*The problem*
Retype, word for word, every line of the records below starting at the one that contains "The Odu Oma" and ending at the one that contains "glareshopグレアショ"; include both of those lines and nothing more.

[Provided records Boundary: Start]

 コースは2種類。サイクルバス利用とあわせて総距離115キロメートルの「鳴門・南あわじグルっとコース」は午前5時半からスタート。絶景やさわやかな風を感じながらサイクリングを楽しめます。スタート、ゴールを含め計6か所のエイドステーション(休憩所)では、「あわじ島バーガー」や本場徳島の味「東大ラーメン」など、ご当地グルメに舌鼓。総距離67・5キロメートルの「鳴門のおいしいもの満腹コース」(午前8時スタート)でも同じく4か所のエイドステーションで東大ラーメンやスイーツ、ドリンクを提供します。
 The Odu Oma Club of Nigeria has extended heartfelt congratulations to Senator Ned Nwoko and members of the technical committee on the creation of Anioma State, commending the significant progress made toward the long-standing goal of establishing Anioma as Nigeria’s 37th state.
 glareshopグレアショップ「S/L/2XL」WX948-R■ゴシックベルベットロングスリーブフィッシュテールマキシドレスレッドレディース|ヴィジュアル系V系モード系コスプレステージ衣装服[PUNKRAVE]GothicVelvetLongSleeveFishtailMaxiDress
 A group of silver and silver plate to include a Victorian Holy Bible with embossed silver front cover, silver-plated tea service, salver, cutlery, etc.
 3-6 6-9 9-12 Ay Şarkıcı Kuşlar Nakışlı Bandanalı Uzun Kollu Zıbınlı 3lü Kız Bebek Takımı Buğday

[Provided records Boundary: End]
[Provided records Boundary: Start]

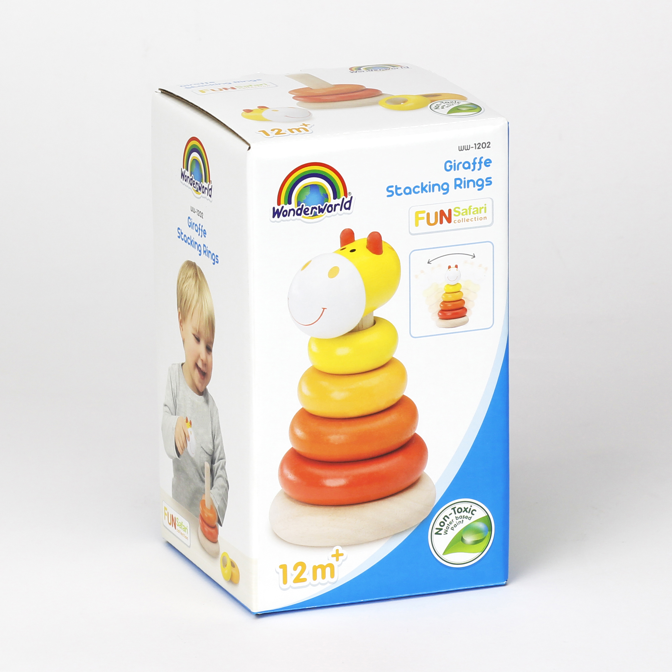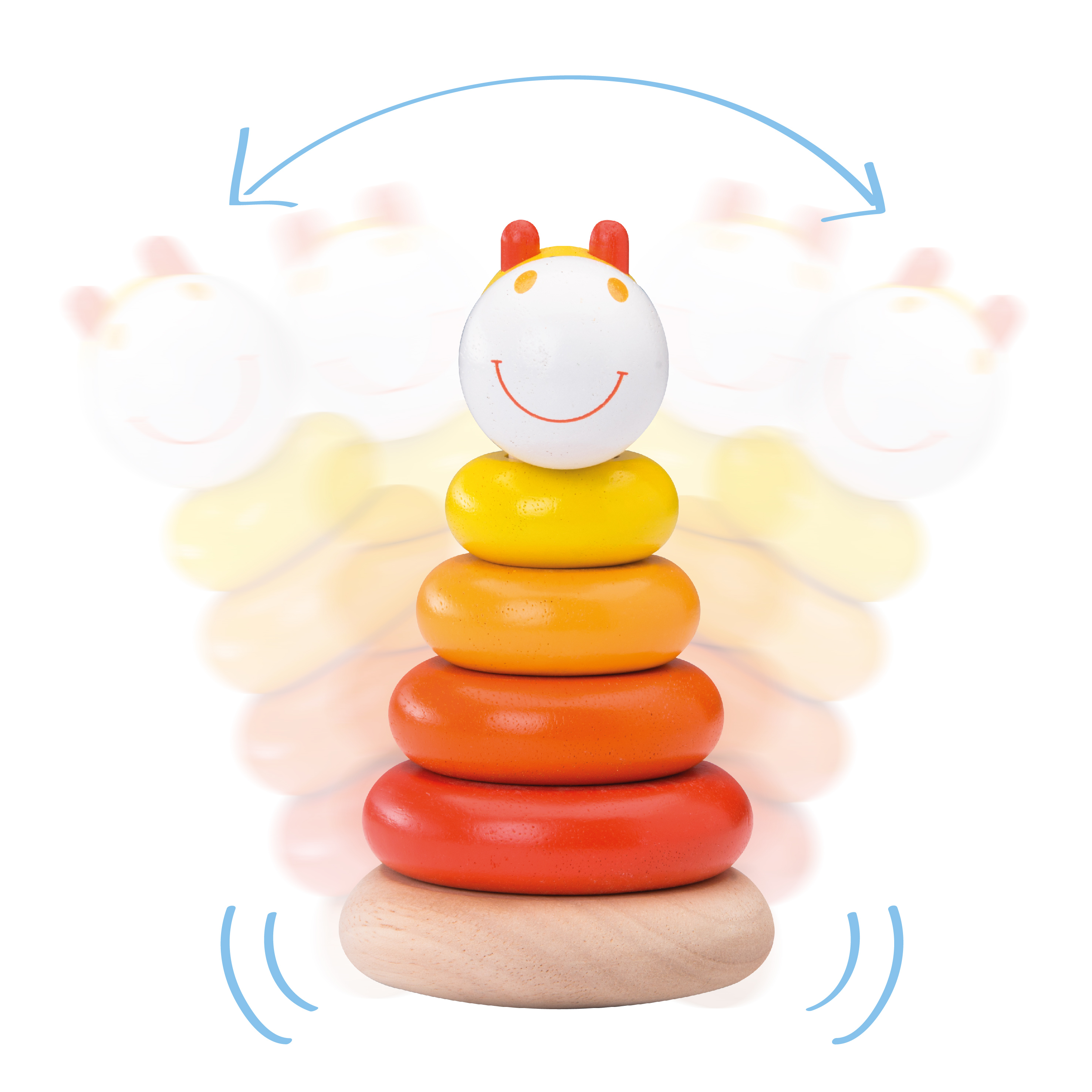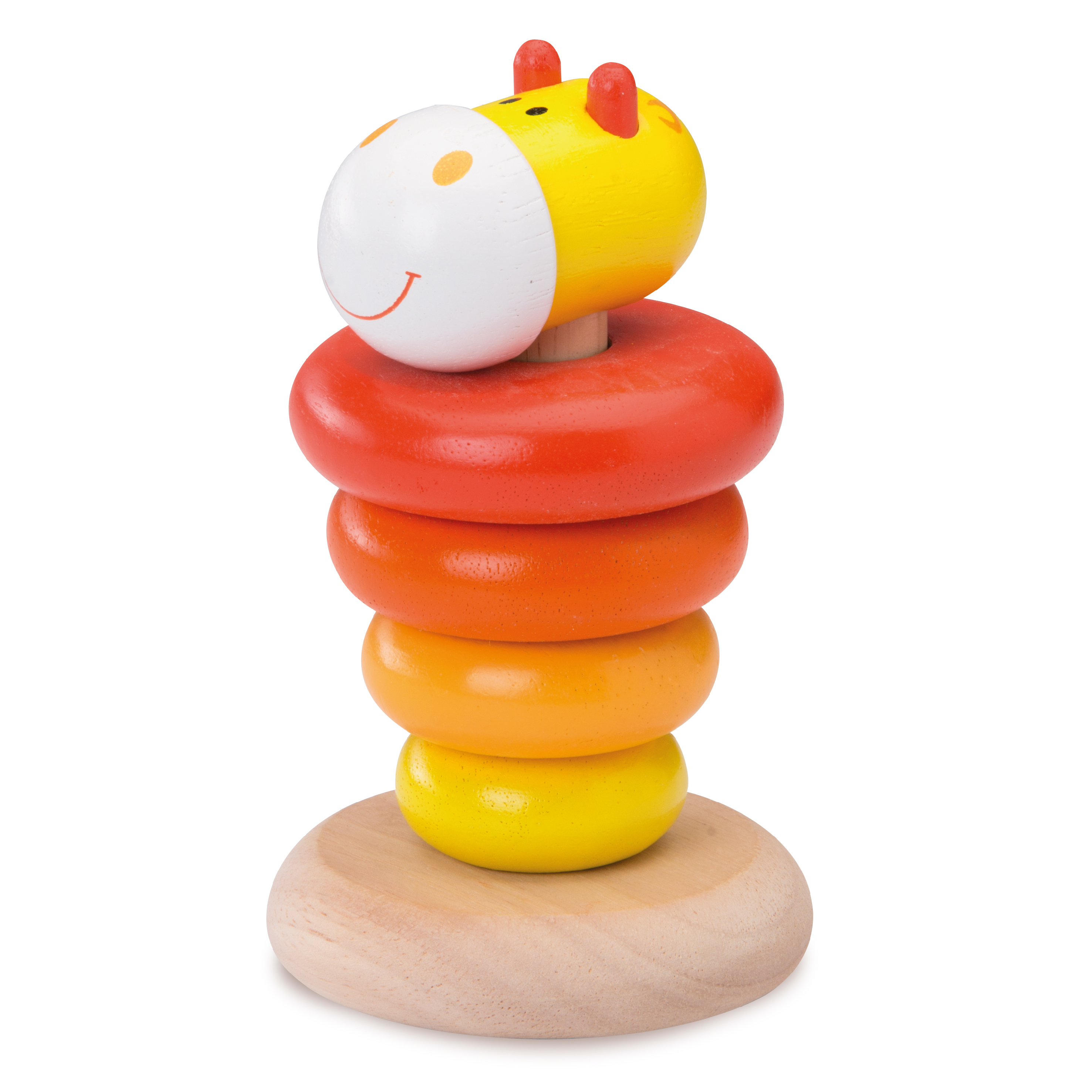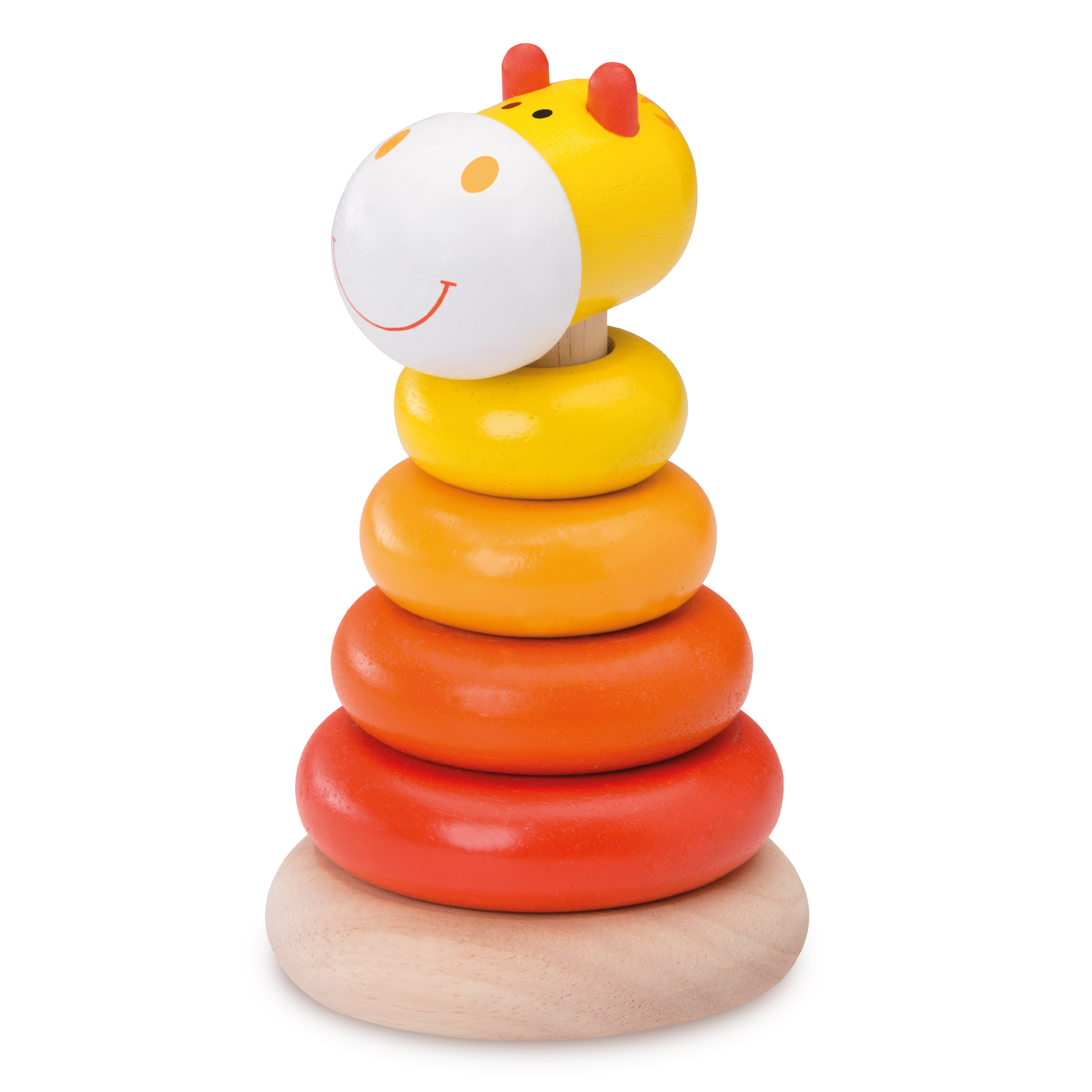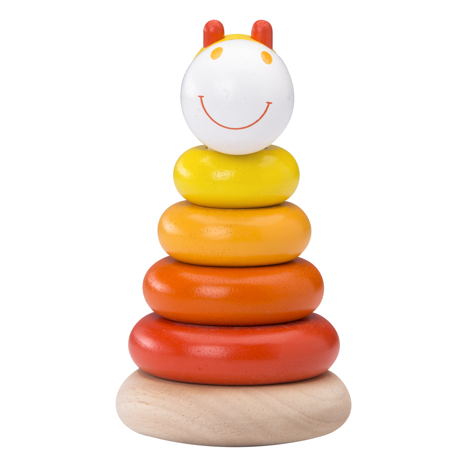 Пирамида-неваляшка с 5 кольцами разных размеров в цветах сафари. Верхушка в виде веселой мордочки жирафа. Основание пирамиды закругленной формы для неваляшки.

[Provided records Boundary: End]

*The answer*
 The Odu Oma Club of Nigeria has extended heartfelt congratulations to Senator Ned Nwoko and members of the technical committee on the creation of Anioma State, commending the significant progress made toward the long-standing goal of establishing Anioma as Nigeria’s 37th state.
 glareshopグレアショップ「S/L/2XL」WX948-R■ゴシックベルベットロングスリーブフィッシュテールマキシドレスレッドレディース|ヴィジュアル系V系モード系コスプレステージ衣装服[PUNKRAVE]GothicVelvetLongSleeveFishtailMaxiDress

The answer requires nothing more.